Sermon Lent 3A: “Truth or Lies?”

Are you as interested in this spy satellite as I am.  Wednesday, the Navy launched an antibalistic missal at this dead spy satellite that was falling to the earth, scoring a direct hit—so they say..  Their aim was to vent off some of the rocket fuel that was in the satellite.  They were afraid that the rocket fuel would land in a populated area if the satellite had been allowed to fall into the planet and possibly hurt some human life.  But that explanation has caused a lot of people to be skeptical.  Lots of people wonder what the Navy was really after here.  There have been conspiracy theories like you wouldn’t believe.  People wonder if the navy just wanted to test the antiballistic capabilities of the missile program just to show that we can shoot things in the sky.  They wonder whether there is some sort of secret technology onboard the satellite that they wanted to keep out of the hands of someone who finds it when it falls into the planet.  People don’t know.  Truth or lies?  Churchill once said, a lie gets halfway around the world before the truth has a chance to get its pants on.

 

Today’s Gospel is about truth and lies.  The Gospel says there is a rumor going around that Jesus is baptizing more disciples than John the Baptist, but this is only a lie.
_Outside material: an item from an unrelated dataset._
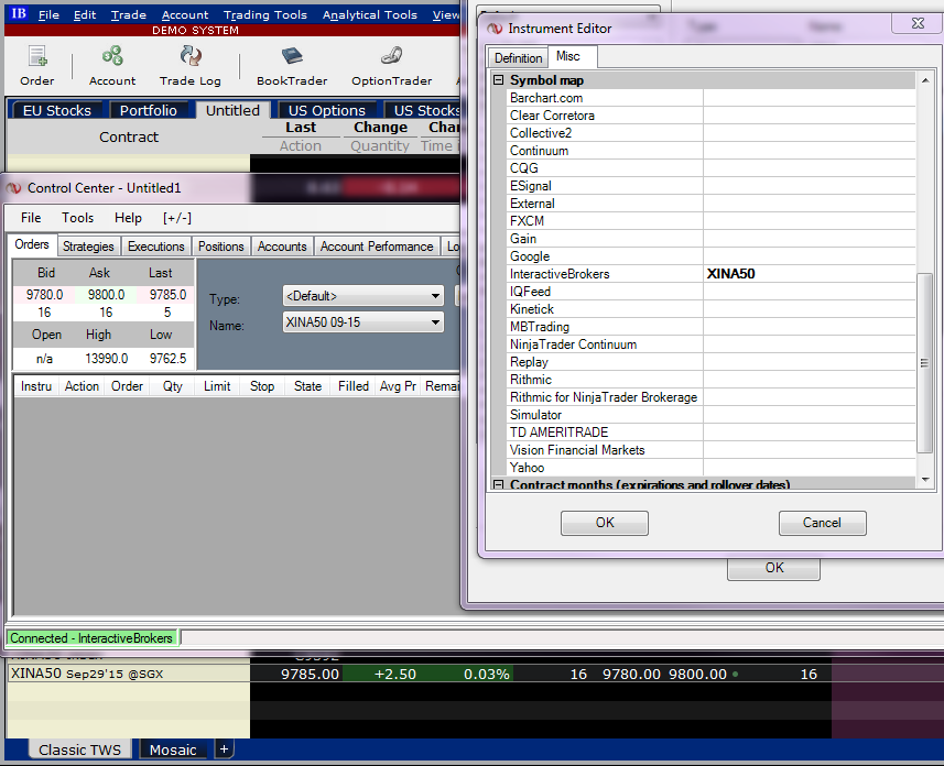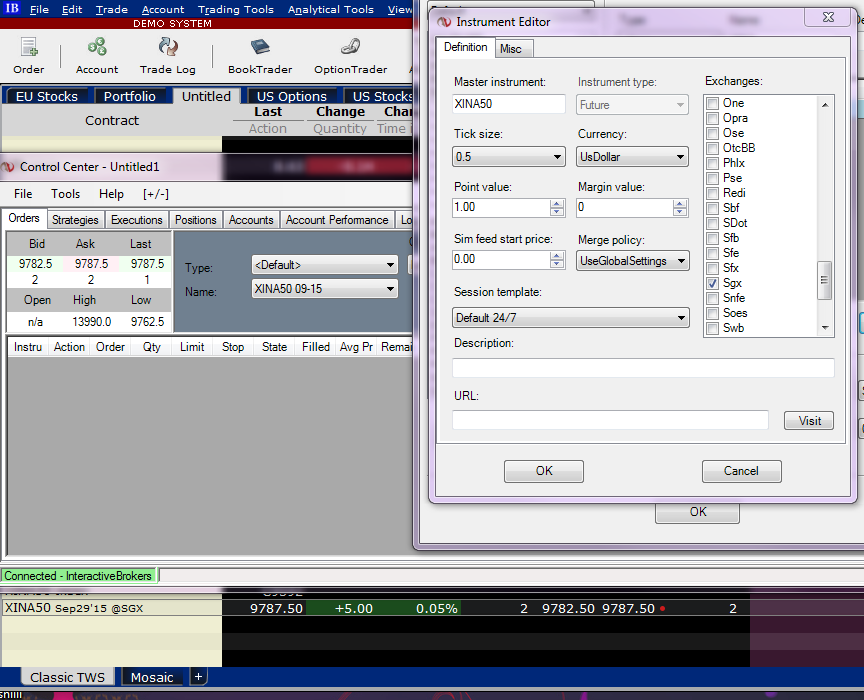 Setup FTSE/Xinhua*China*A50 Future with IB
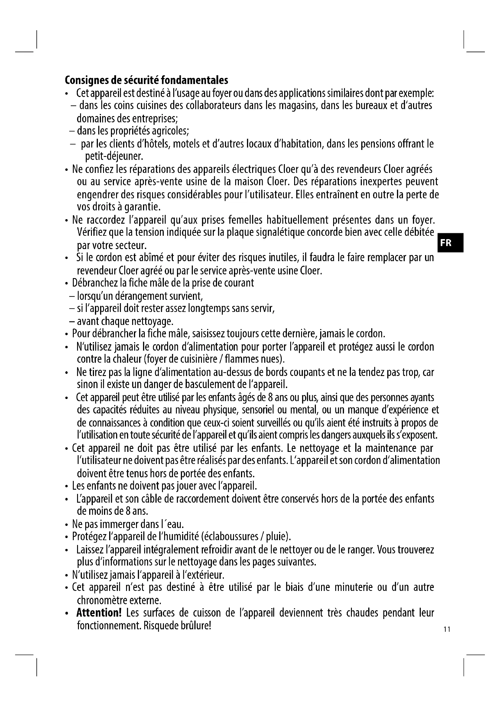- Ne confiez les réparations des appareils électriques Cloer qu'à des revendeurs Cloer agréés ou au service après-vente usine de la maison Cloer. Des réparations inexpertes peuvent engendrer des risques considérables pour l'utilisateur. Elles entraînent en outre la perte de vos droits à garantie.

John explains that Jesus didn’t baptize anyone.  Jesus tells the woman from Samaria that he has life giving water, and those who drink this water will not thirst again.  Now that’s a truth, but honestly the Samaritan woman can’t wrap her mind around it.  To her, this man is one bucket short of a cool sip.

 

Truth or lies?  “I have no husband,” the Samaritan woman admits, and with that first step toward the truth, the truth has her and won’t let go.  Jesus tells her the rest of the truth about herself.   The truth when it is about us, it is not always comfortable and so much reality is too much for her.  So she changes the subject to something more abstract, to religion, trying to draw Jesus back into an argument about Jews versus Samaritans.  You can hardly blame her.  If he knows all about all her husbands, She wants to back up, back off, hide somewhere.  But notice John tells us that it is noon day.  You can’t hide from the sun at noon.  And you can’t hide from the truth when you are with Jesus.     She tries a different tactic; she runs a little interference so that the man with X-ray vision won’t see too much. She needs a little time to step back from him and cover herself up again.

 

Truth or lies?  She steps back, but he steps towards her.  Hide and seek.  When she steps out of the light, he steps into it.  He will not let her retreat or hide.  If she is determined to hide the truth, then he will show her more of himself.  “I know that the Messiah is coming,” she says and he replies, “I am he.”

 

This is a moment of truth, This is noon when the light is its brightest.   This is the first time Jesus has told this truth, the truth that he is the Messiah to any woman or man, to any human being.  It is moment full of truth, full of grace in which the sinful woman stands face to face with the Messiah of God and although her life is a tissue of lies, truth accepts her.  She is like one of us. She can’t stand too much reality, too much scrutiny, too much light.  She is like us when we see ourselves in a mirror and we become conscious of the lines, the wrinkles: the good, the bad, the ugly, the all of it. But truth has got her, just as it has us.

 

Truth or lies.  Whether or not she chooses truth, Truth embraces her. Won’t let her go or hide.  The more she tries to hide, the more in her face Jesus gets.  I am the Messiah he tells her and he tells her this at noon when there no shadows to hide under.  In the end, she and all the people she brings to Jesus say, He is the savior of the world.  They worship the truth.

 

We worship Jesus as the Truth.  For such a long time, I have tried to worship the truth.   I have not yet found him yet…but I am seeking after Him.  I am prepared to sacrifice “things”, material possessions, ambitions, and satisfactions in pursuit of this quest.  Even if the sacrifice demanded my own life, I hope I will be prepared to give it.

 

At this Eucharist, will you seek the truth with me?  Will you bow your heads and say, Holy, Holy,  Holy.  Will you seek the Lord in the breaking of the bread?  Will you let go of your embarrassment, your fears? Fear is not in the habit of speaking the truth.  Will you let go of your fears? Will you come with freedom and not fear to find the truth in the breaking of the bread?  Truth has found us, and now it won’t let us go. Will you kneel with me and worship?  Worship the truth in the full light of day?